Ныне тот, кто чувствует неспособность свою на произведение чего-нибудь правильного и дельного и совестится предстать пред публикою с эпическою поэмою, <…> трагедиею, комедиею в <бывшем> роде, облекается в броню романтизма, обирает кругом Байрона, склеивает карикатурные стишки по подобию звучных стихов Пушкина или Баратынского и потом швыряет в читателей! <…> Большею частию сии творения ограничиваются у нас отрывками, которые мелькают в журналах, а преимущественнее в альманахах. <…>
Взять какую-нибудь поэму или роман, исковеркать его в разговоры, расставить где и как угодно явления и действия, прибавить восклицаний, точек, вклеить песню или две, хор, два, три — и дело кончено: романтическая трагедия поспела.

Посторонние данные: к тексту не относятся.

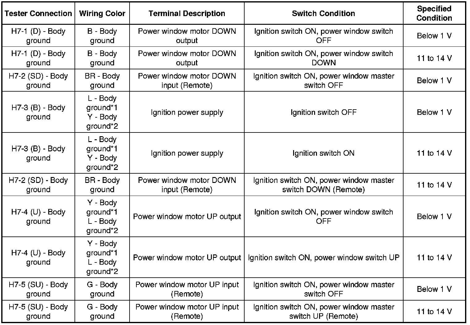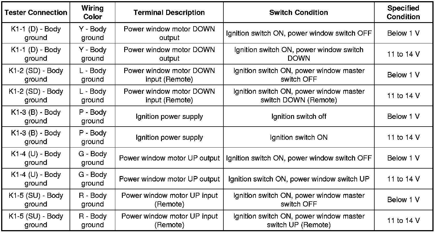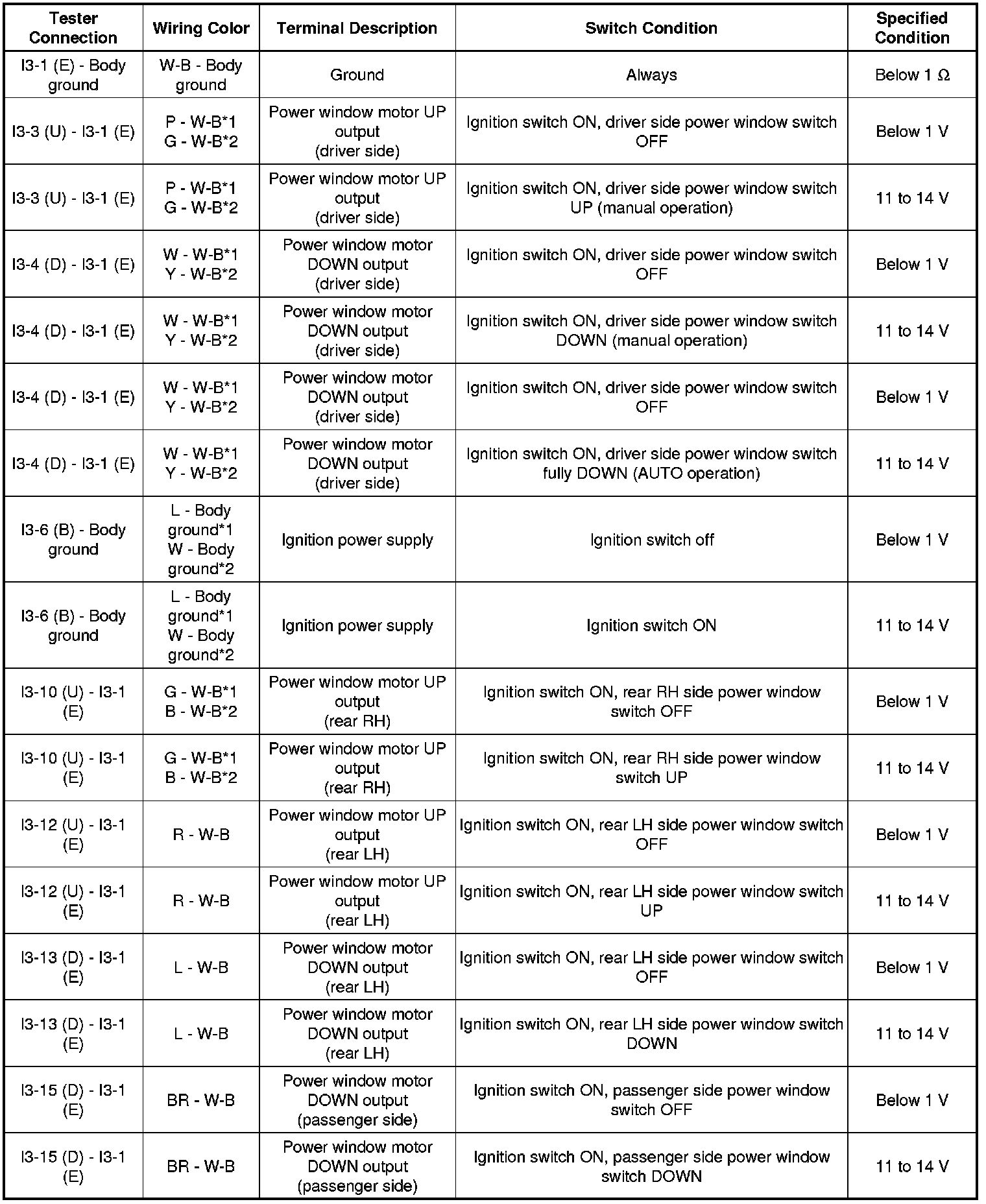 WINDOW / GLASS: POWER WINDOW CONTROL SYSTEM: TERMINALS OF ECU

  Николай Полевой, рецензия на «Корсера» В. Н. Олина, 1828
  •  

Все наши доморощенные стиходеи, стяжавшие себе лубочный диплом на имя поэтов, <…> загудели а lа Byron. <…>
Пошли беспрестанные резанья, стрелянья, душегубства — ни за что, ни про что… для одного романтического эффекта!.. Разродилось такое множество поэм, <…> коих вся ткань, исполненная близен и перетык, соплетена из низких распутств или ужасных преступлений. Все их герои суть или ожесточённые изверги, или заматоревшие в бездельничествах повесы. Главнейшими из пружин, приводящими в движение весь пиитический машинизм их, обыкновенно бывают: пунш, аи, бордо, дамские ножки, будуарное удальство, площадное подвижничество. Самую любимую сцену действия составляют: Муромские леса, подвижные Бессарабские наметы, магическое уединение овинов и бань, спалённые закоулки и фермопилы.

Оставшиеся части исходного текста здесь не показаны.